PROBLEM
Each entry should be set down again verbatim, with the images omitted.

THE DATA
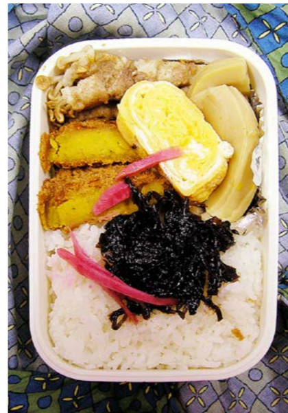
07/01/30/tue エノキの豚バラ巻/かぼちゃコロッケ/玉子焼/筍煮 昆布のつくだ煮/紅ショウガ
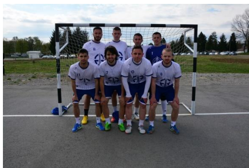
ФБН БАЊА ЛУКА
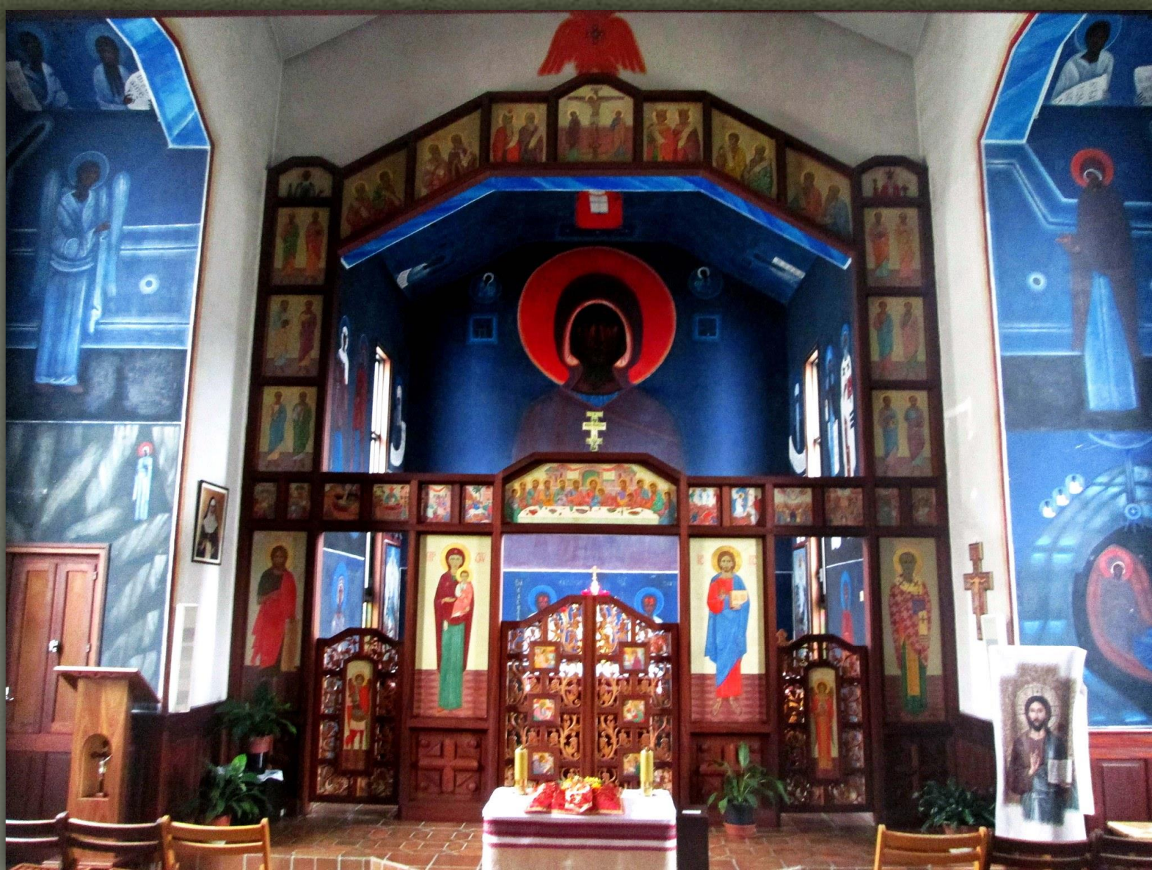
➤ Іконостас, церква Успіння Пресвятої Богородиці в Лурді, Франція, 1982.
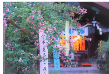
萩まつり イメージ

萩まつりが行われ、舞や弓術を奉納しています。今年は9月21日に開催予定ということで、秋を楽しんでみてはいかがでしょうか？
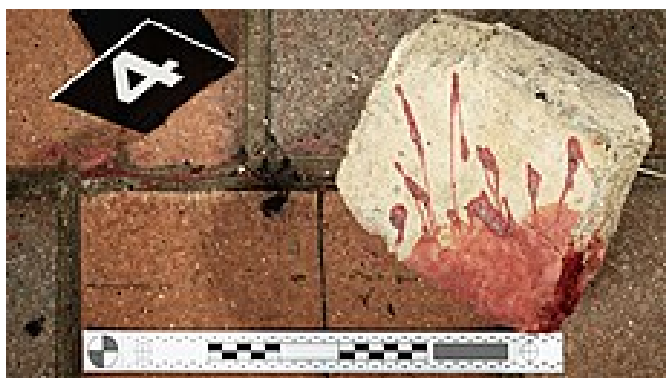
Matka zabila svého postiženého syna. Vraždila z lásky i strachu

Přečtěte si další exkluzivní články z iDNES Premium
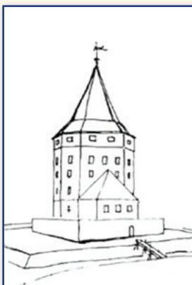
A nyárasapáti kúria rajza Balanyi Béla (1963) feltárása nyomán

zátartozó szintén vitézlő címet szerzett, mégpedig: Mende utolsó Nyárasapáti nevű birtokosának, III. Klárának, Nyárasapáti György lányának a fia, András. Igaz, ő már az apja nevét, a Kussaly Jakchy nevet viselte. Szatmár és Belső-Szolnok vármegye patinás családjának a sarja volt. Nyárasapáti III. Klára hiába adta el korábbi birtokait, köztük Mendét is, a keletre költözése nem hozott számára nyugalmat, mert a vitézlő (egregius) fia állandó pénzzavarral küzdött. Egyik követte a másikat, ezért birtokainak egy részét zálogba kellett adni, illetve mivel nem tudta visszaváltani, elveszítette azokat. Több okirat adományozásról és perlekedésről szól.
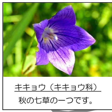
キキョウ (キキョウ科) 秋の七草の一つです。
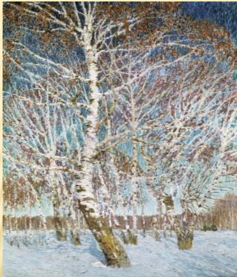
И. Грабарь 1904г.
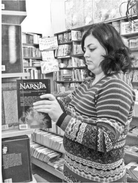
Пакупніца ў гандлёвай зале кнігарні “Мысль”.

Кнігарня працуе з 1959 года, але гарадская легенда, звязаная з ёй, зусім новая, яна датуецца прыкладна 2009 годам. Тады ў межах праграмы ўпрыгожвання горада каля магазіна была ўстаноўлена скульптурная кампазіцыя з савой, якая сядзіць на дрэве. Месца для яе было абрана невыпадкова. Фігура
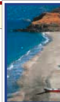
LES ÎLES DU NORD-EST DE LA MER ÉGÉE Pages 124-157
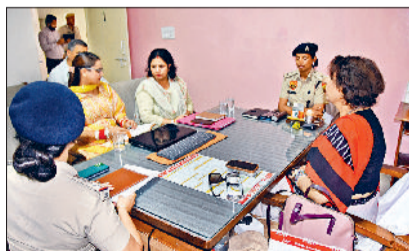
की व इन मामलों को जल्द निपटाने के निर्देश दिए।
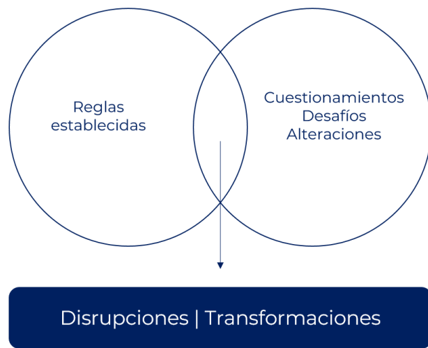
Figura 2. Disrupciones.

Para situarse en posición, la persona puede empezar con las siguientes preguntas:
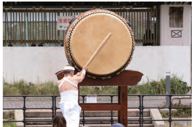
(長谷川副会長による初っ切り太鼓)
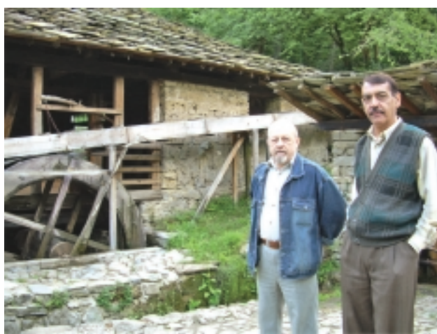
На разходка в АЕК „Етъра“
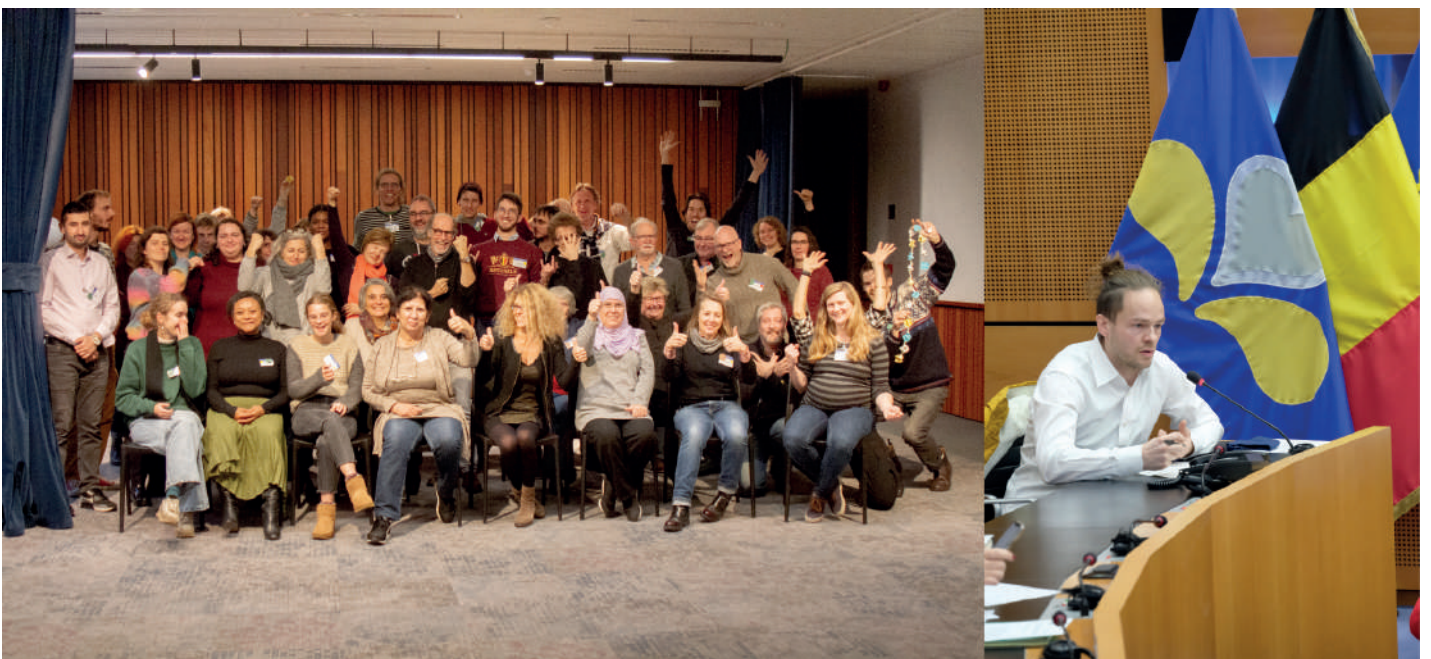
Photo 2 : Gauche : participant.e.s à la quatrième assemblée citoyenne bruxelloise organisée par Agora.brussels. Droite : intervention de Pepijn Kennis (élu d'Agora) au Parlement Bruxellois.

Ce mouvement citoyen s'est présenté aux élections régionales bruxelloises de 2019 avec un objectif unique : organiser des assemblées citoyennes pour en porter le résultat le plus littéralement possible au parlement 6 .
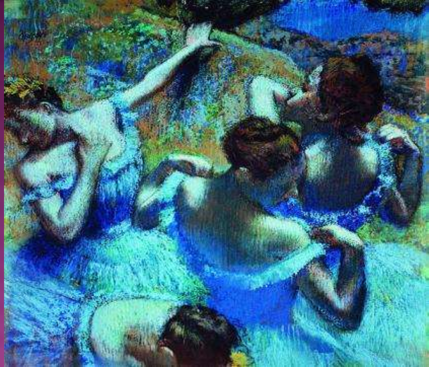
Э. Дегга. «Голубые танцовщицы». Пастель(1865)
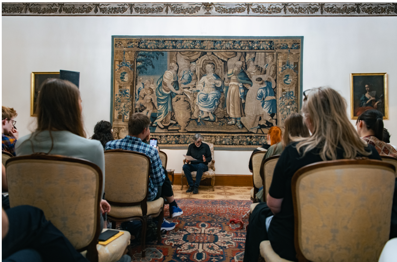
Bulgaria – Hrzánský palace
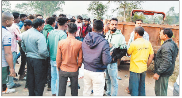
सरहर में घटना स्थल पर लगी लोगों की भीड़।
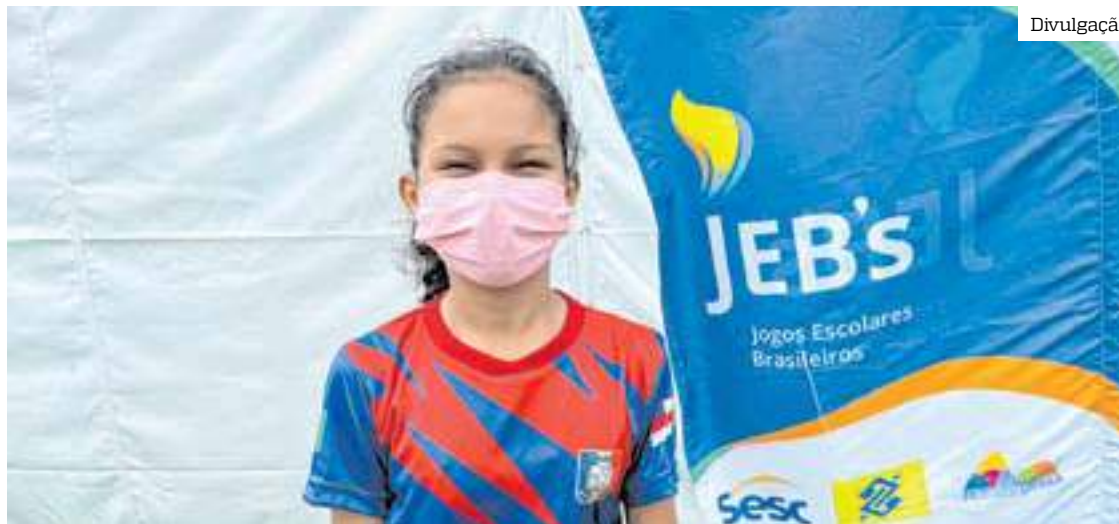
Estudante manacapuruense ganhou uma medalha de bronze no tênis de mesa e dedicou o prêmio à família

Com apoio do Governo do Estado, em parceria com a Federação Amazonense de Desporto Escolar (Fadede), 217 estudantes da rede estadual participaram da competição, que
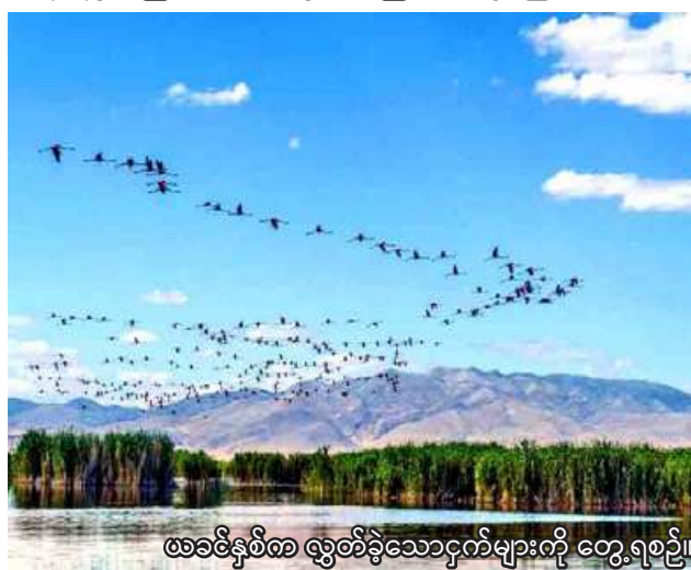
ဖေဖော်ဝါရီလ ဇွန်လအတွင်း ငှက်များကို တွေ့ရမည်။
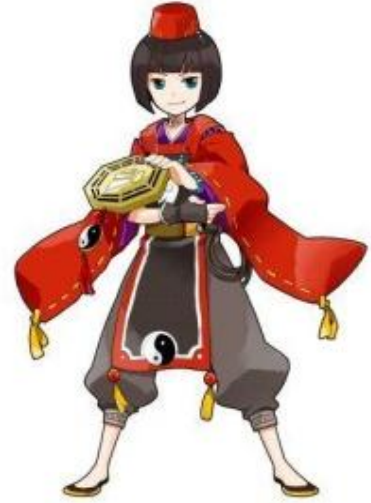
＜イベント限定の新アバター＞

SOLUTION TO THE PROBLEM
07/01/30/tue エノキの豚バラ巻/かぼちゃコロッケ/玉子焼/筍煮 昆布のつくだ煮/紅ショウガ
ФБН БАЊА ЛУКА
➤ Іконостас, церква Успіння Пресвятої Богородиці в Лурді, Франція, 1982.
萩まつり イメージ

萩まつりが行われ、舞や弓術を奉納しています。今年は9月21日に開催予定ということで、秋を楽しんでみてはいかがでしょうか？
Matka zabila svého postiženého syna. Vraždila z lásky i strachu

Přečtěte si další exkluzivní články z iDNES Premium
A nyárasapáti kúria rajza Balanyi Béla (1963) feltárása nyomán

zátartozó szintén vitézlő címet szerzett, mégpedig: Mende utolsó Nyárasapáti nevű birtokosának, III. Klárának, Nyárasapáti György lányának a fia, András. Igaz, ő már az apja nevét, a Kussaly Jakchy nevet viselte. Szatmár és Belső-Szolnok vármegye patinás családjának a sarja volt. Nyárasapáti III. Klára hiába adta el korábbi birtokait, köztük Mendét is, a keletre költözése nem hozott számára nyugalmat, mert a vitézlő (egregius) fia állandó pénzzavarral küzdött. Egyik követte a másikat, ezért birtokainak egy részét zálogba kellett adni, illetve mivel nem tudta visszaváltani, elveszítette azokat. Több okirat adományozásról és perlekedésről szól.
キキョウ (キキョウ科) 秋の七草の一つです。
И. Грабарь 1904г.
Пакупніца ў гандлёвай зале кнігарні “Мысль”.

Кнігарня працуе з 1959 года, але гарадская легенда, звязаная з ёй, зусім новая, яна датуецца прыкладна 2009 годам. Тады ў межах праграмы ўпрыгожвання горада каля магазіна была ўстаноўлена скульптурная кампазіцыя з савой, якая сядзіць на дрэве. Месца для яе было абрана невыпадкова. Фігура
LES ÎLES DU NORD-EST DE LA MER ÉGÉE Pages 124-157
की व इन मामलों को जल्द निपटाने के निर्देश दिए।
Figura 2. Disrupciones.

Para situarse en posición, la persona puede empezar con las siguientes preguntas:
(長谷川副会長による初っ切り太鼓)
На разходка в АЕК „Етъра“
Photo 2 : Gauche : participant.e.s à la quatrième assemblée citoyenne bruxelloise organisée par Agora.brussels. Droite : intervention de Pepijn Kennis (élu d'Agora) au Parlement Bruxellois.

Ce mouvement citoyen s'est présenté aux élections régionales bruxelloises de 2019 avec un objectif unique : organiser des assemblées citoyennes pour en porter le résultat le plus littéralement possible au parlement 6 .
Э. Дегга. «Голубые танцовщицы». Пастель(1865)
Bulgaria – Hrzánský palace
सरहर में घटना स्थल पर लगी लोगों की भीड़।
Estudante manacapuruense ganhou uma medalha de bronze no tênis de mesa e dedicou o prêmio à família

Com apoio do Governo do Estado, em parceria com a Federação Amazonense de Desporto Escolar (Fadede), 217 estudantes da rede estadual participaram da competição, que
ဖေဖော်ဝါရီလ ဇွန်လအတွင်း ငှက်များကို တွေ့ရမည်။
＜イベント限定の新アバター＞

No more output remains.